As seen in the graphs above, the most important GDP growth is expected to come from developing countries (especially in Asia). This translates in an important increase for financial services as there is a direct link between GDP per Capita and Household Liabilities. On the other end, the economic and regulatory situation in Europe and the US is not as positive for financial services: the deleveraging of US households as well as stress of the economic crisis in both US and Europe will negatively affect the growth potential for banks.
Which further highlighted Citi’s choice to actively invest and test its innovation effort in Asia instead of Europe. As mentioned by Jonathan Larsen in this interview in the Wall Street Journal:
WSJ: Why did you decide to roll out this “smart banking” model in Asia first?
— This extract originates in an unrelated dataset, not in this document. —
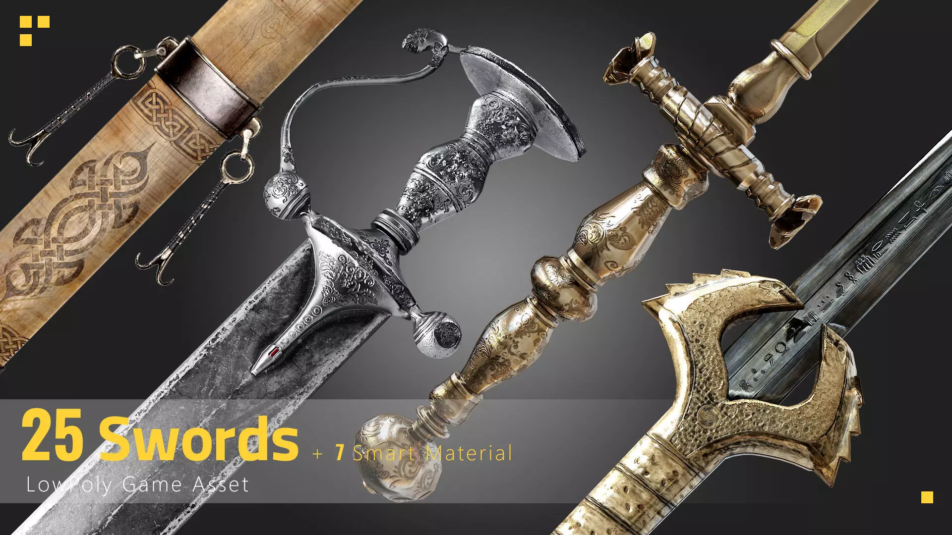 25 Sword Game Asset - 7 smart materials Low-poly 3D model

Mr. Larsen: The global crisis has been more of a factor in the U.S. and less of a factor in Asia. We’re also looking at the possibility of bringing it to Russia, Poland and New York. We don’t have a timeframe though.
How important is Asia Pacific for Citi? It was the largest contributor to net income last year and one of its fastest growing group (for the consumer group).
So what is Citi launching in Asia? No less than its smart banking branches, mobile banking, mobile payments (partnership with operators), mobile stickers.
Promotional video for Citi but gives a glimpse of various functionalities of the new branches: self services kiosk, interactive wallm, remote client servicing…
Also interesting is how important non branch channels are for Citi:
Nearly 98% of all our transactions in Asia are now via non-branch channels. What branches used to do can virtually all be done by electronic means now. We do though understand that many clients still want to bank in a branch.
But it does not prevent Citi from increasing the number of its smart banking branches. One data point I would like to know is how many people a typical smart branch serves vs a “normal” one.
Is it all done for Europe and US?
I don’t believe so. What is fueling a lot of innovation in both these locations is the environment of smaller companies that are willing to challenge incumbents on banking, payment, lending etc. Individually they may not have the power and size of big financial institutions but they are agile enough to innovate their way to become more of a threat/opportunity for existing institutions.